Petrov’s librarian wife Petrova (Chulpan Khamatova) isn’t faring much better, with a murderous streak that could be fact or fiction. Frankly, it’s hard to tell. Meanwhile, their son’s temperature is creeping up.
Based on Alexey Salnikov’s novel “The Petrovs In and Around the Flu,” Serebrennikov’s adaptation is Dostoevsky read through a kaleidoscope. Characters, scenes and sets collapse in on one another — sometimes literally — and occasionally in outrageous long takes that baffle as much as they beguile. It’s cinema as surreal, relentless spectacle, recalling Leos Carax’s “Holy Motors” and Aleksei German’s “Hard to be a God,” but wholly Serebrennikov’s own groove: furiously inventive, brutish at times, unexpectedly tender at others.

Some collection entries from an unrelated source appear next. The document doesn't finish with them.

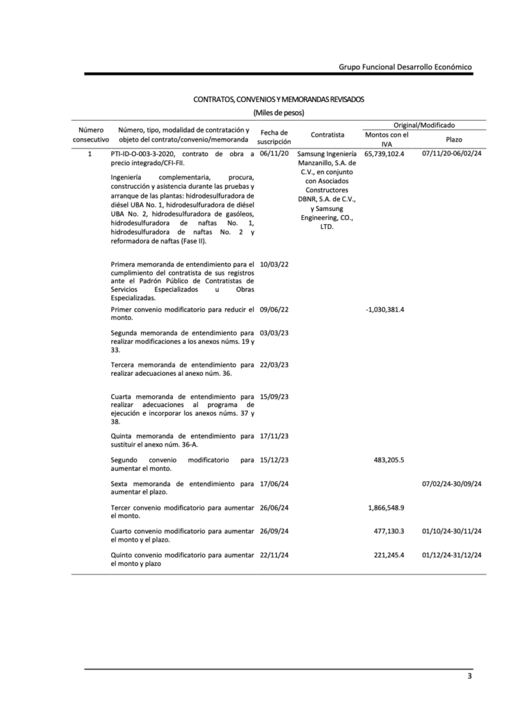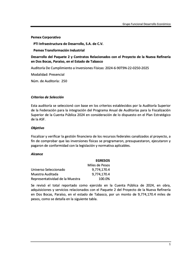 Denuncia al 9933989844… 🚩⚠️🏭‼️¡PAQUETE 2 REFINERÍA OLMECA: Corrupción y pagos en exceso (SAMSUNG) detectó ASF 2024! En la ronda de 31 auditorías a la cuenta pública de @Pemex en el ejercicio del año 2024, la Auditoría Superior de la Federación (ASF), que ahora dirige Aureliano Hernández Palacios Cardel, detectó diversas deficiencias administrativas, pagos en exceso, montos pendientes por aclarar y debilidades en la comprobación del gasto en el desarrollo del Paquete 2 de la Refinería Olmeca en Dos Bocas, Tabasco, correspondiente a la Cuenta Pública 2024 de @Pemex Corporativo, donde se revisó el ejercicio total de 9 mil 774 millones 170 mil pesos en 14 contratos de obra, servicios y adquisiciones. El informe detalla que los recursos auditados corresponden en su totalidad al monto ejercido en dicho paquete, el cual forma parte de un proyecto financiado mediante transferencias por más de 42 mil 696 millones de pesos realizadas por @Pemex Transformación Industrial a PTI Infraestructura de Desarrollo, empresa encargada de ejecutar los contratos. Uno de los principales hallazgos se relaciona con pagos en exceso por concepto de asistencia técnica en los contratos PTI-ID-PROC-51-2020 y PTI-ID-PROC-55-2020, donde inicialmente se determinaron diferencias por 632.2 miles de pesos derivadas de inconsistencias entre las horas pagadas y las realmente comprobadas. Estas irregularidades incluyeron falta de documentación soporte en un contrato y ausencia de evidencia sobre la participación de personal especializado en otro. Sin embargo, tras la presentación de documentación aclaratoria por parte de @Pemex, la ASF consideró solventada esta observación al acreditarse errores tipográficos en registros y acuerdos contractuales que permitían omitir reportes en días festivos. Además, la auditoría mantuvo una observación relevante en el contrato PTI-ID-PROC-49-2020, correspondiente a la adquisición de calentadores para la planta reformadora de naftas, donde se identificaron pagos en exceso por 98.6 miles de pesos en el concepto de “costos reembolsables”. La ASF determinó que no se acreditó documentalmente la movilización de un especialista durante los días 24 y 25 de abril de 2024, pese a que el contrato exige comprobantes como facturas de transporte, hospedaje o alimentación para validar estos gastos. Aunque la entidad fiscalizada argumentó que el técnico sí se trasladó de Veracruz a Tabasco y presentó algunos comprobantes parciales, la ASF concluyó que la documentación fue insuficiente para justificar el pago, por lo que emitió un pliego de observaciones en el que presume un probable daño a la Hacienda Pública Federal por 98 mil 647.89 pesos, más los intereses generados desde la fecha del pago hasta su recuperación. El informe también evidencia una constante en la ejecución de los contratos: múltiples modificaciones en montos y plazos mediante convenios y memorandas de entendimiento. El contrato principal de obra, identificado como PTI-ID-O-003-3-2020 y asignado al consorcio encabezado por SAMSUNG Ingeniería Manzanillo en conjunto con otras empresas, acumuló un monto total modificado de 67 mil 756 millones 851 mil pesos, tras diversas ampliaciones y reducciones. De este total, al cierre de 2024 se habían erogado 49 mil 280 millones 203 mil pesos, quedando pendiente por ejercer el 27.3%, equivalente a 18 mil 476 millones 648 mil pesos. Situación similar se observa en otros contratos relevantes, como el PTI-ID-PROC-55-2020, relacionado con la adquisición de compresores, que alcanzó un monto modificado de 1 mil 942 millones 244 mil pesos, con 334 mil 179 mil pesos aún pendientes de erogar; y el PTI-ID-PROC-51-2020, con un saldo pendiente del 19.9% de su monto total modificado. Estas cifras reflejan retrasos o compromisos financieros aún no cubiertos al cierre del ejercicio fiscal. Asimismo, varios contratos finiquitados incluyeron el reconocimiento de penas convencionales por incumplimientos o ajustes contractuales, lo que evidencia deficiencias en la planeación y ejecución. En otros casos, como los contratos PTI-ID-PROC-43-2020, PTI-ID-PROC-54-2020 y PTI-ID-PROC-58-2020, se identificaron montos pendientes por erogar que oscilan entre el 11.8% y el 15.8% del total modificado, lo que sugiere desfases financieros o administrativos. La auditoría ventiló debilidades en los mecanismos de control, supervisión y comprobación del gasto, particularmente en lo relativo a la documentación soporte de pagos, la gestión de contratos y la constante modificación de condiciones contractuales. Cabe señalar que muchas de estas ampliaciones millonarias se dieron después de la inauguración -el 1 de julio de 2022- de la refinería Olmeca para conmemorar “el fin de la etapa constructiva”. Sin embargo, el arranque formal de operaciones y producción de combustibles ocurrió más de dos años después, iniciando el procesamiento de carga el 29 de junio de 2024 y formalmente el 3 de agosto de 2024. Atención @Claudiashein @MarcelaVilleg15 @CNE_Mex @SENER_mx @GobiernoMX @FGRmexico @LuzElena_GE @ASF_Mexico @SCJN @STPS_mx @Tu_IMSS @SEMARNAT_mx @agencia_asea @CENAGAS_mx @IMPetroleo @SATMX @Hacienda_Mexico @BuenGobierno_mx @Centrofcrl @SEMAR_mx @PROFEPA_Mx @Mx_Diputados @senadomexicano #OIC #UIF #OmarReyesColmenares….Zas!!!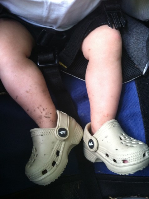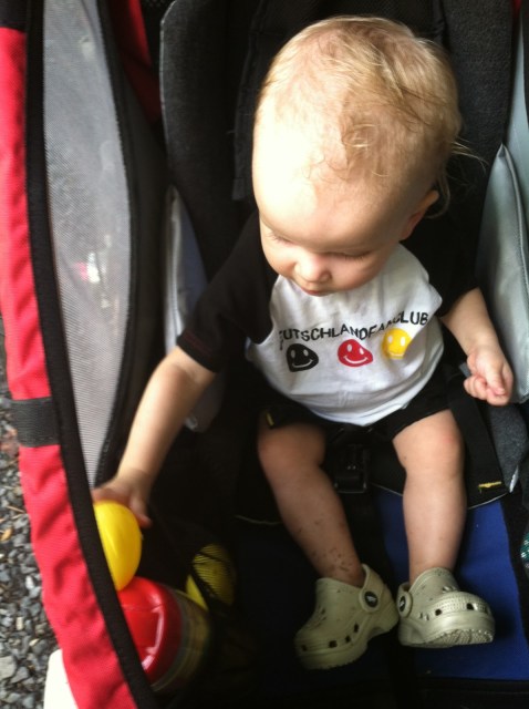 Greta tried to stay entertained with her plastic Easter eggs. In and out of the side pockets. Repeat.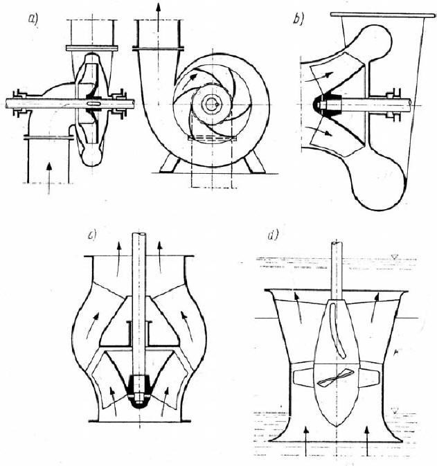 - Śmigłowe (osiowe), kierunek przepływu jest osiowy, a łopatki wirnika przypominają śmigła D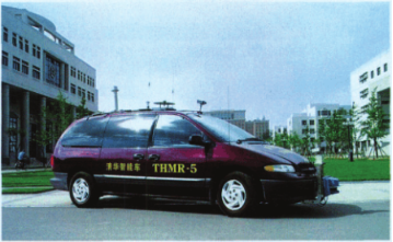 在我国, 清华大学研制成功了THMR-V型自主车辆,它不仅能够在高速公路上行驶,还可以在普通的道路上行驶。采用道奇7厢式汽车作为其车体,如图2-9所示。应用彩色摄像机和激光测距仪作为其环境感知系统,另外还应用了差分GPS、磁罗盘和光码盘作为其定位系统。依靠两套计算机系统对视觉信息进行处理,完成数据的融合以及行驶路径的规划。它已经可以在校园内的道路上行驶和避障。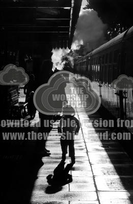 People waiting at a train station platform. Waiting for a train, friends to arrive or saying goodbye. A lone child walks along the platform, looking for someone, lost or is she just intrigued?
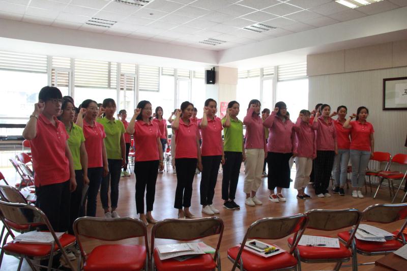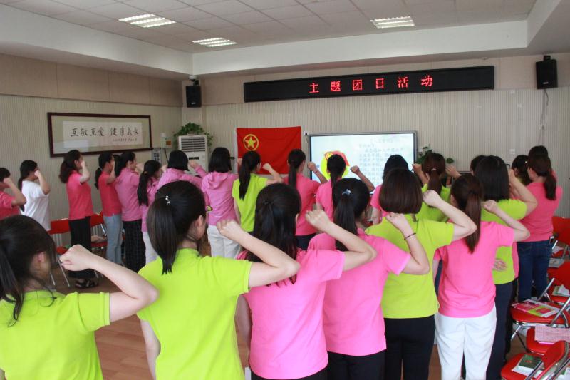 全体团员教师共同唱响《中国共青团团歌》、重温入团誓词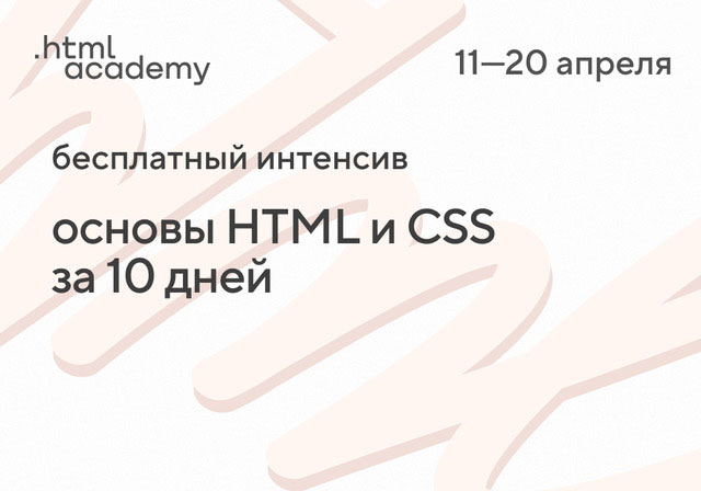 11 апреля стартует бесплатный интенсив по веб-разработке от HTML Academy, на котором вы не только познакомитесь с HTML и CSS и разберётесь с основами создания сайтов, но и попробуете себя в роли верстальщика.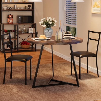 - Space-Saving Design: The 2 dining chairs conveniently fit underneath the small dining table, making this dining set an ideal solution for small spaces such as condos, kitchens, dining rooms, studios, or apartments. Dimensions: Table Size: 31.43” Dia x 29.53” H, Chair Size: 17.73” L x 15.33” W x 33.03” H.

The Russian director, barred from leaving the country to attend the festival, installs a nostalgic backstory that dovetails with the rest of the narrative only in the closing stages. Characters retreat into fantasy, but also the past. It suggests a yearning — if not for the past, then maybe for simpler times or ones when the rot was less pervasive. The film’s manifesto may be unclear, but its diagnosis is more so: a city and its people are sick.